Eye spy with my little eye, God remaking the fabric of
Merced. My daughter Emily and I know how to cheer each other up. We can start a
game of “eye spy.” No matter where we are or what we are doing, when we spend
time noticing the world around us, noticing God’s great work, and sharing it
with each other, we escape the trap of self-absorption. So come on a journey
with me – a journey of noticing Merced being remade by a God whose love has power over shame.
Off to College. Parents all over are feeling a mixture of
joy and worry. We heard prayer requests in church from Jill and me as we
struggle to trust God with our precious girls, Kelsey and Kaela. I met Clarissa
Rohm yesterday. Her mother Denise is going through the same anxiety; born in
love.
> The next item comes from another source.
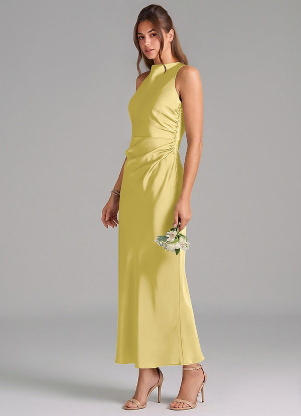 Vestido de Canario de Satén Elástico de Corte Sirena con Plisado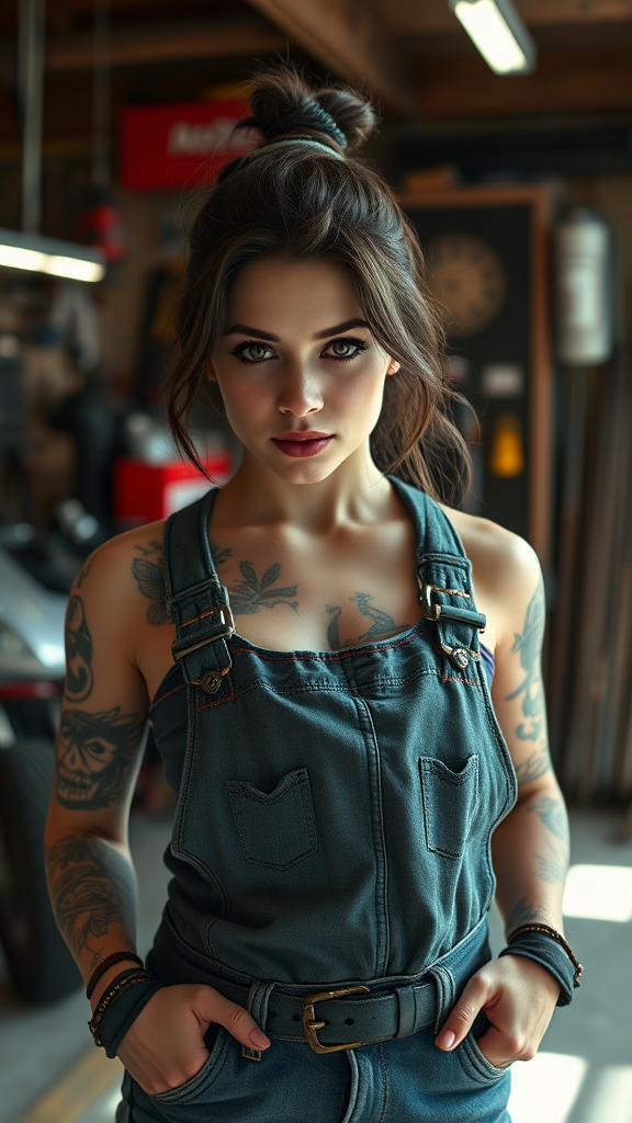 Female wearing a mechanic's outfit in a workshop setting, face clearly visible, dressed in jeans with visible tattoos, engaging directly with the viewer. Capture the scene as a portrait photography with detailed and realistic skin textures. Achieve a photo-realistic style in 8k resolution, focusing on high detail and raw color. The image should be full length with piercing and utilize diffused soft lighting. Aim for a shallow depth of field and sharp focus to enhance hyperrealism. Employ cinematic lighting to elevate the visual. Avoid low-resolution elements, text, errors, cropping, and artifacts such as duplicates, morphed or mutated features, blurriness, and unfavorable anatomy like extra or missing limbs and deformations.

In fact, Joyce Hall and I shared our nervous excitement about our college
aged children just last Saturday, when she shared that Jillian’s graduate
education is taking her out of the home. The love we have for our children is
something of a universal common ground. Start a conversation with a question
about our children and just watch the details gush out of us. It doesn’t end
with college, these joyful stories and heart-felt worries come from more veteran
parents like Claudia Speziale (Kaytie) and Gwen Marshall (Kris) as well.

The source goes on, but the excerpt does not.